In another life, Emily was a pawn in one of Gary’s schemes. Now he’s back to move her around the chess board. He’ll hold Danny in jail for as long as he needs Emily. When he’s done with them, he hints that both Emily and Danny will be released. The project Gary has in mind is simple. He wants Emily to go to Houston and keep an eye on Kaitlyn O’Connor. Kaitlyn was the victim of a horrific carjacking that left her husband and son dead. Now she’s the public face of a tough-on-crime organization called Safer America. Safer America manages a lot of dark money and some important initiatives are on the ballot in the upcoming election. Emily just needs to keep Kaitlyn on message through the election season. What follows is a thrilling chess match between Emily and Gary. It moves the reader across the dark squares of power, money, and special interests that tend to run public policy on a state and national level. Gary is a complex villain. He’s charming and slippery. It’s never clear whose interests he serves (beyond his own) or how much power he has. Issues that we debate ideologically—specifically marijuana legalization and mass incarceration—are stripped from their moral standpoints and reduced to matters of money. Kaitlyn is inscrutable. She could become the Sarah Palin Gary wants her to be, or she could make a 180° turn once she learns her real role in power and money, much like Elizabeth Warren did. Emily’s motivations waver between the greater good and saving her own hide. Everyone involved—the reader included—loses a little bit of innocence.

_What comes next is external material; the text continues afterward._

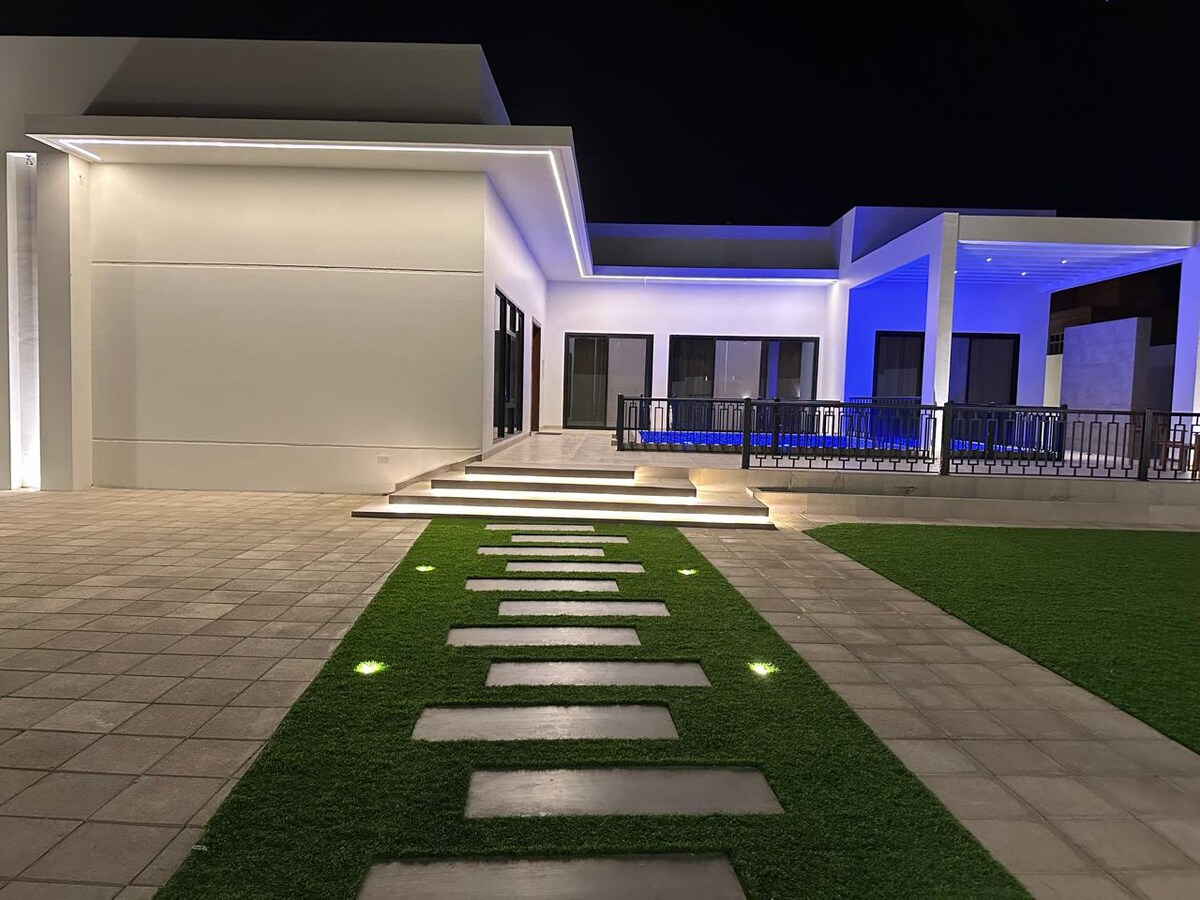 Relaxa't i relaxa't en aquest espai tranquil i elegant...Una casa unifamiliar elegant i moderna amb jardí i balcó amb vistes a la laguna. Un lloc on pots gaudir dels teus esmorzars i sopars i de les teves begudes a l'Havana Resort, a prop de la marina, de platges impressionants, d'una comunitat encantadora i d'una varietat d'activitats 🚤🪂🧘♀️esportives🚴♀️🏊🎾 i instal·lacions. La ubicació és a prop de moltes de les atraccions turístiques de Salalah ⛰️🛶🛕 i ofereix una experiència única d'estil de vida luxós i modern.

Toward the end of the novel, Emily and Kaitlyn visit a law-and-order convention that looks eerily like any other trade show. At the core, the convention is full of consumables sold to consumers. The whole scene forces the reader to ask the question: what is all this law and order really about? Brackmann’s novel raises issues Michel Foucault explored in Discipline & Punish more than forty years ago. First, if the purpose of prison is to reduce crime, then we have to admit that three hundred years of incarceration (and thirty years of US mass incarceration) have failed. So, like Foucault and Brackmann do, we have to ask what purpose all this punishment and incarceration really serves. We have to investigate who profits off it. We have to become critical of the stories that do little more than promote the myth of justice in our justice system.

This becomes the real power of Go-Between. Brackmann goes beyond the simple and harmful morality tales of good cops and evil criminals. She investigates the very nature of crime. She explores who really profits from it. And she does all this in a kick-ass thriller that’s nearly impossible to put down.